##### Given data
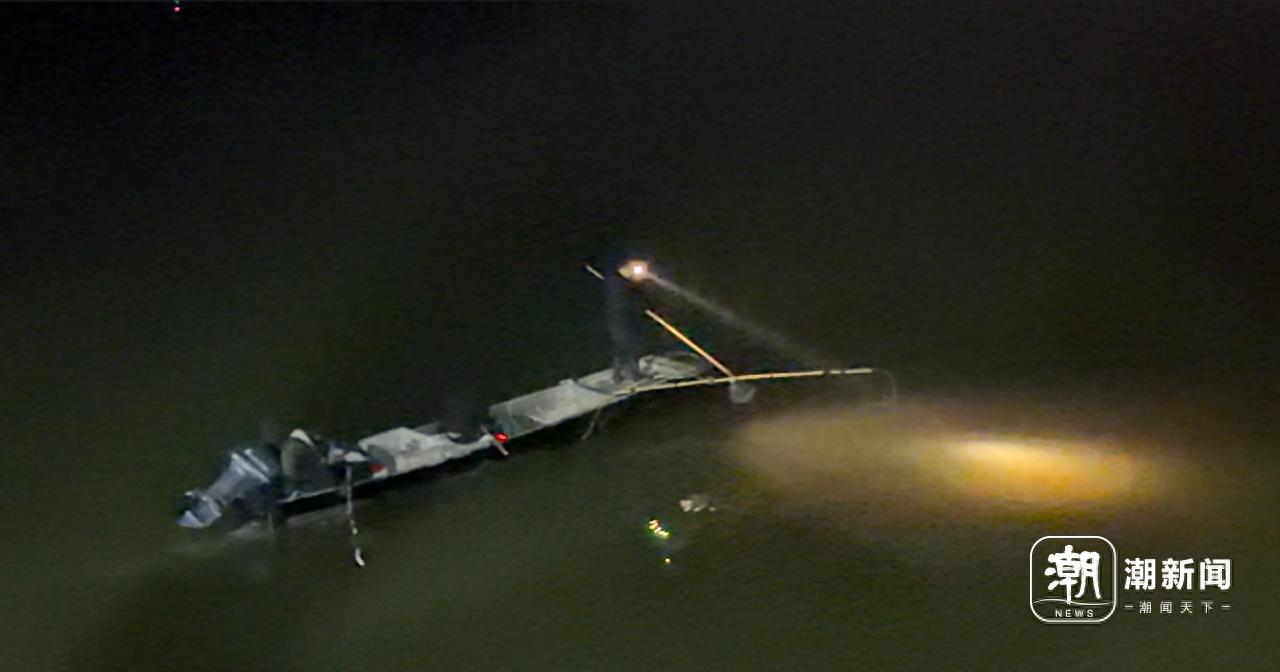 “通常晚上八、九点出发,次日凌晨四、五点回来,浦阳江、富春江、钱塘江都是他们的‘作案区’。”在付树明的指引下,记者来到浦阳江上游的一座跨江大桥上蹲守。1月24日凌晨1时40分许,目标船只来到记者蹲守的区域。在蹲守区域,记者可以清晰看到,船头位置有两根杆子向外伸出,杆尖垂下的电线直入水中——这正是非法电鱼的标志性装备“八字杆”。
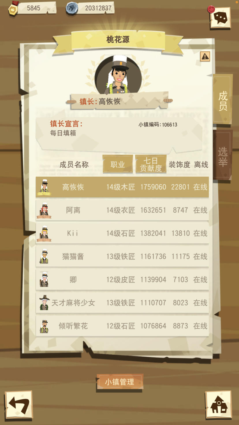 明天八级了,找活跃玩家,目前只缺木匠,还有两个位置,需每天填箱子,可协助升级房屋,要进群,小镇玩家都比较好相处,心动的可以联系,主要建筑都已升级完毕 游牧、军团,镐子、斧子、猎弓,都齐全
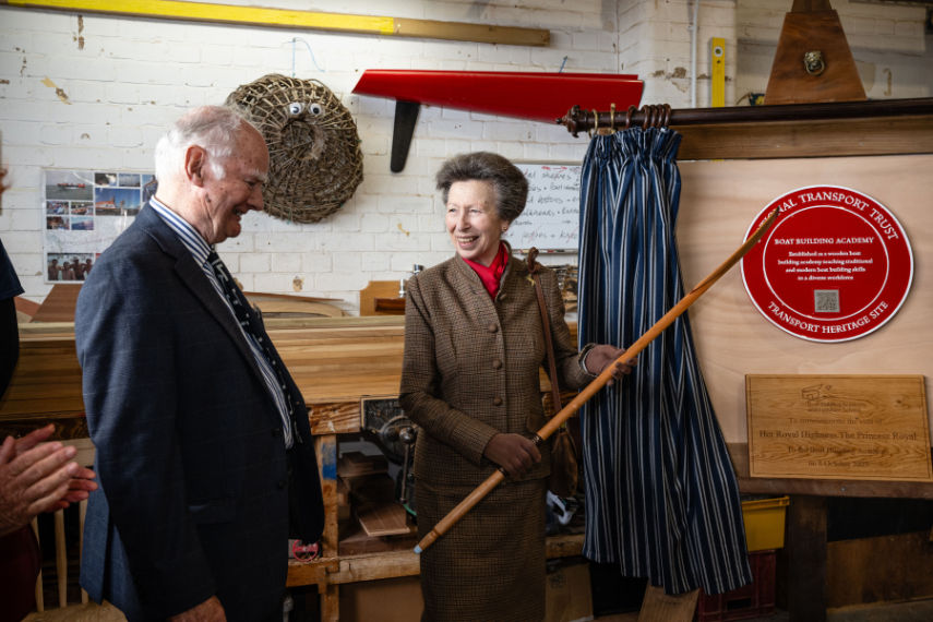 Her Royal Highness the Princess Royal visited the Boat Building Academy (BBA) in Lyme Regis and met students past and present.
##########
*Try it*
Your answer must be the lines from the one containing "明天八级了,找活跃玩家,目前" through the last line of the listing above, restated word for word, with no pictures.

*The answer*
 明天八级了,找活跃玩家,目前只缺木匠,还有两个位置,需每天填箱子,可协助升级房屋,要进群,小镇玩家都比较好相处,心动的可以联系,主要建筑都已升级完毕 游牧、军团,镐子、斧子、猎弓,都齐全
 Her Royal Highness the Princess Royal visited the Boat Building Academy (BBA) in Lyme Regis and met students past and present.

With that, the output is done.